In fiscal years 1993 and 1994, sufficient data were available to indicate the need for health investigations at about 35% of sites, including sites where concern was for current or past exposures to hazardous substances released from the sites. The investigations are examining human exposure and health effects. ATSDR has a backlog of health followups; approximately 15% of followups can currently be completed each year.

As I mentioned, ATSDR can be petitioned by an individual to conduct a public health assessment of a site. The Agency has received 394 petitions to date, representing 323 individual sites. An average of 80 petitions are received annually. We are currently accepting about 75% of petitions for conduct of public health assessments or health consultations. About 55% of petitions come from individual or community groups; about 8% come from members of Congress. The large number of petitions received annually is a demanding workload for ATSDR; to put these 80 into perspective, EPA added 23 sites to the NPL in 1991, 30 in 1992.

Health Effects Investigations

Another of the CERCLA mandates requires that we conduct studies of the adverse health effects of exposure to hazardous substances from waste sites. Epidemiologic studies conducted by ATSDR, state health departments, and academic institutions are of two types: a) studies that examine the health of persons around individual sites and b) studies that combine populations around sites and their data for aggregate analysis.

Health investigations help identify persons for whom exposures can be interdicted, add important information about risk factors for diseases and illnesses, identify vulnerable populations on whom to focus prevention activities, determine relationships between exposure and adverse health effects, and help determine or evaluate measures to prevent or mitigate adverse health conditions. Findings from human health studies are also significant material for inclusion in site-specific risk assessments.

Aggregated Site Studies

Investigating the broad picture of the association between hazardous waste sites and public health impact requires combining site populations with common environmental characteristics, thereby increasing the size of the human populations investigated. This aggregating of sites has been used as an investigative method by researchers examining the association between cancer and birth defects rates in areas around hazardous waste sites.

Two sets of investigators have reported an increased frequency of cancers in counties surrounding hazardous waste sites. In 1983, the New Jersey Health Department reported that age-adjusted gastrointestinal (GI) cancer mortality rates (all sites combined) were higher in 20 of New Jersey's 21 counties than national rates. Within specific sex and race groups, cancer mortality rates in the state during the period 1968-1977 significantly exceeded national rates for cancers of the esophagus, stomach, colon, and rectum. The environmental variables most frequently associated with GI cancer mortality rates were population density, degree of urbanization, and presence of toxic waste disposal sites. Similarly, an EPA study was conducted of 593 hazardous waste sites in 339 U.S. counties of 49 states where analytic evidence showed contaminated groundwater as the sole source of drinking water supply. For each identified county, age-adjusted, site-specific cancer mortality rates for 13 major cancer sites (anatomic) were extracted from U.S. Cancer Mortality and Trends (1950-1979) for white males and females during the decade 1970-1979. Statistically significant associations between excess deaths and all counties with hazardous waste sites, when compared to all counties without hazardous waste sites, were shown for cancers of the lung, bladder, esophagus, stomach, large intestine, and rectum for white males; and for cancers of the lung, breast, bladder, stomach, large intestine, and rectum for white females. Neither the EPA nor the New Jersey studies reported any data bearing on the levels of exposure of these residents, which is a significant limitation.

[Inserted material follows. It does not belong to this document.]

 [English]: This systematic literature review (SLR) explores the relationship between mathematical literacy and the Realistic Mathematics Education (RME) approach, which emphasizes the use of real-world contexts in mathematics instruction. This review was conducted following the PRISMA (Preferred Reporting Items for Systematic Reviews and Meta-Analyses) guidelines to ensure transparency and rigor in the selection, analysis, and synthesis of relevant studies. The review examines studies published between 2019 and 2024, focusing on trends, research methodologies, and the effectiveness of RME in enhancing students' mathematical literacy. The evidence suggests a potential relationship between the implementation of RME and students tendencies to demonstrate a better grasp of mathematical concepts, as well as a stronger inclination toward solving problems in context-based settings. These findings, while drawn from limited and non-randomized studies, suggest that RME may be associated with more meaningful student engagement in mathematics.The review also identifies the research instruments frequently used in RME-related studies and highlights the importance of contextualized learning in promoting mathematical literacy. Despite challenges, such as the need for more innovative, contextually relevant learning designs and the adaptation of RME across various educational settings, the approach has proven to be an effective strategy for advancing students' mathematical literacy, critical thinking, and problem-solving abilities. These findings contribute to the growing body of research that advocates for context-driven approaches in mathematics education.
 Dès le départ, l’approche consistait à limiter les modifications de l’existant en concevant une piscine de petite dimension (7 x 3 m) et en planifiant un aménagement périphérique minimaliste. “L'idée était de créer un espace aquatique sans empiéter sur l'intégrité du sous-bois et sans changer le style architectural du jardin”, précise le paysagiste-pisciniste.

A New York State Health Department study examined the association between congenital malformations in children and maternal proximity to hazardous waste sites in the state. The study included data for 9,313 newborns with congenital malformations, as recorded in the New York State Congenital Malformations Registry, and 17,802 healthy comparison children. A total of 590 hazardous waste sites in 20 New York counties were selected for analysis of the incidence of malformations. (Waste sites in New York City were excluded, given what were presumed unique sociodemographic and geographic characteristics compared with the rest of the state.) An exposure risk index was created for each respondent within a 1-mile radius of the birth residence. Through statistical analysis, the investigators controlled for several possible confounding variables, including maternal age, race, education, complications during pregnancy, birth weight, length of gestation, and sex of child. It is important to note that other possible confounding factors, such as smoking and alcohol history, maternal and paternal occupational exposures, and maternal nutritional status were not evaluated because of lack of data. Results indicated that maternal proximity to hazardous waste sites may carry an additional risk of approximately 12% of bearing children with congenital malformations. Higher malformation rates were associated with both a higher exposure risk (63% increase in risk) and documentation of off-site chemical leaks (17% increased risk). These results are the subject of follow-up investigation by ATSDR and the New York State Health Department.

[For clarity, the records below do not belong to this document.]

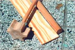4. Do obou konců zbylé tyčky z kvedlačky vyhloubíme nožem drážku širokou asi 2,5 cm a hlubokou 1 - 2 mm. Potom tyčku provlečeme středem mlýnku.
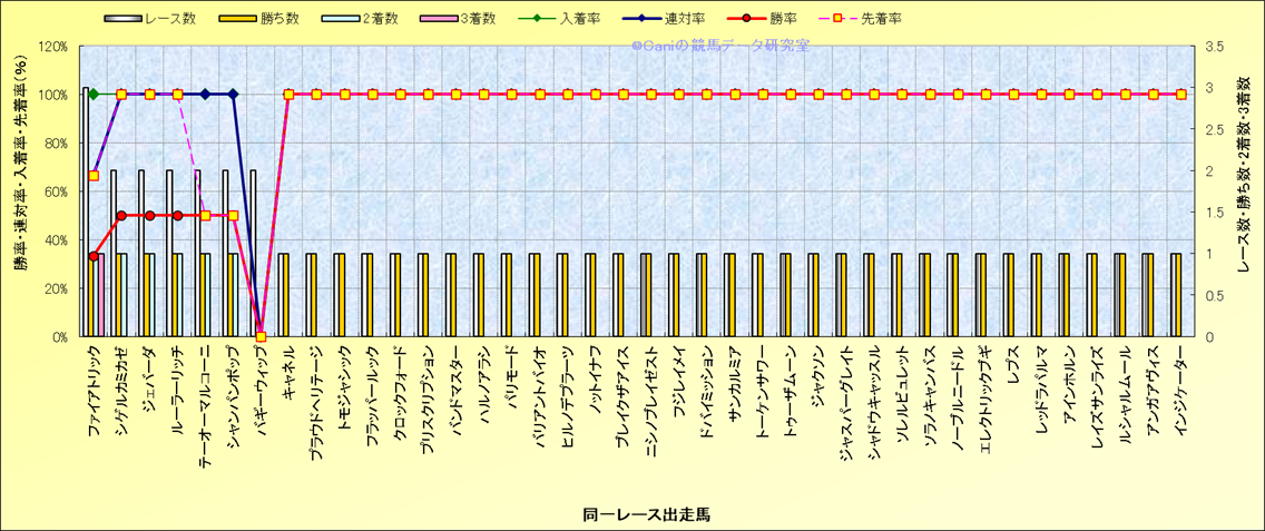 ライバル(相性)解析 同一レースに下記馬が出走した場合の成績とその馬に先着する先着率 |
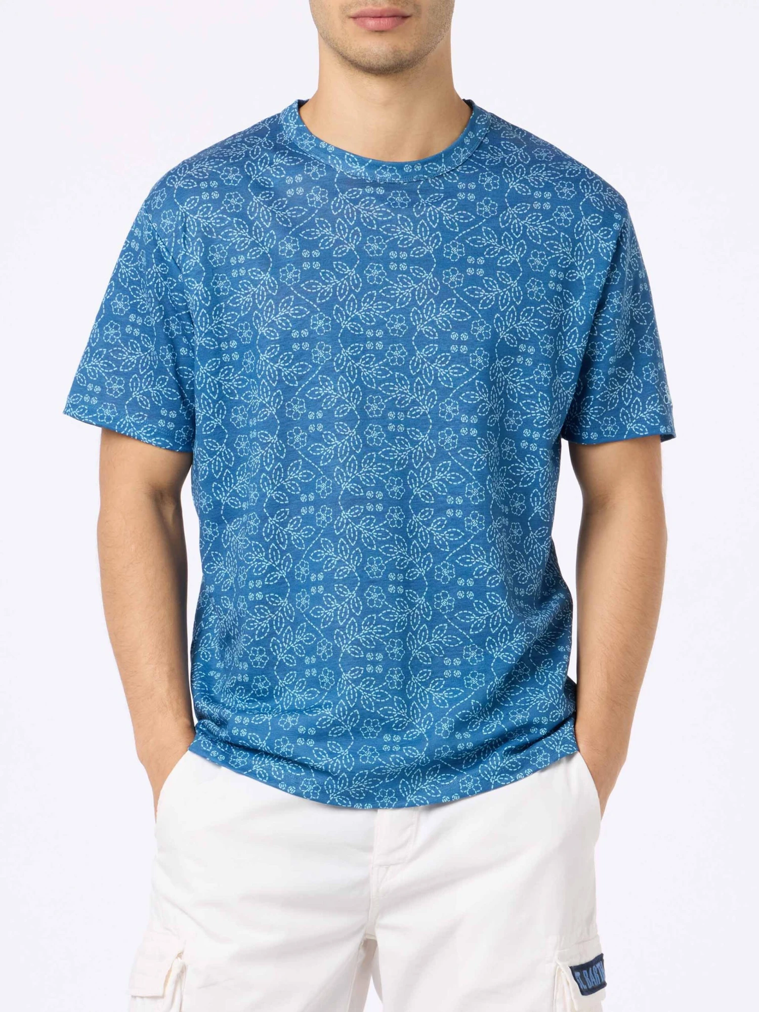 MC2 Saint Barth Man Blue Linen Jersey T-shirt Ecstasea With Sashiko Print
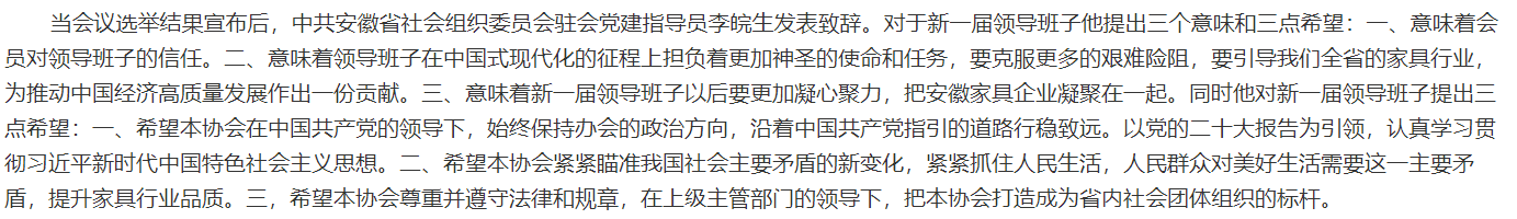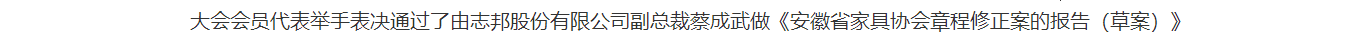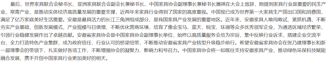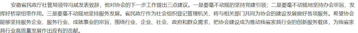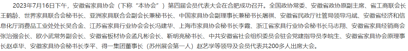 本協會(hui) 登記管理機關(guan) 是安徽省民政廳,接受業(ye) 務主管單位業(ye) 務指導和社團登記管理機關(guan) 的監督管理,本協會(hui) 承認中國家具協會(hui) 章程,接受中國家協的業(ye) 務指導,並真誠地與(yu) 全國各省市家具界同仁攜手,共創美好明天。

ATSDR funded an additional birth defects study by the California Department of Health Services. The department conducted a study investigating the relationship between maternal residence and the presence of hazardous waste sites for the risk of congenital malformations. The study evaluated births between 1983 and 1985; 5,617 births with congenital malformations were evaluated. The study concluded that maternal residence at the time of the child's birth in a census tract with a hazardous waste site, significantly increased the risk of giving birth to an infant with malformations of the heart and circulatory system.

Studies by ATSDR and other researchers indicate that adverse reproductive outcomes may be related to consumption of contaminated drinking water or living in proximity to hazardous waste sites. For example, birth defects and developmental disabilities were evaluated by ATSDR-funded surveillance systems in Iowa, New Jersey, and Washington. These states used birth defects registries and birth records to assess populations potentially exposed to hazardous substances in specific geographic areas. In Iowa, investigators found an association between herbicides in public drinking water and urogenital and limb reduction birth defects and small babies for their gestational age. In New Jersey, investigators found links between solvents in public drinking water and excess small babies for their gestational age, and cardiac, oral clefts, and central nervous system birth defects. Data on birth defects from these state surveillance systems will be the subject of additional epidemiologic studies to clarify any associations with hazardous waste sites.

ATSDR has adopted the approach of aggregating sites for the purpose of health evaluation. This approach was outlined in a 1992 report to Congress entitled, The Feasibility and Value of Performing Multisite Epidemiologic Studies for Superfund Sites. An example of this approach is an ATSDR study conducted in four separate geographic areas near mining and smelting sites in Illinois, Kansas, Missouri, and Pennsylvania involving more than 2,200 people. It was found that the blood lead levels in children living near the sites were strongly associated with soil lead levels. This demonstrates that the lead contamination in soil was an important contributor to the lead in children's blood. As you know, lead has been shown to be particularly harmful to the developing brain and nervous system of young children. Efforts are underway to reduce children's exposure to lead.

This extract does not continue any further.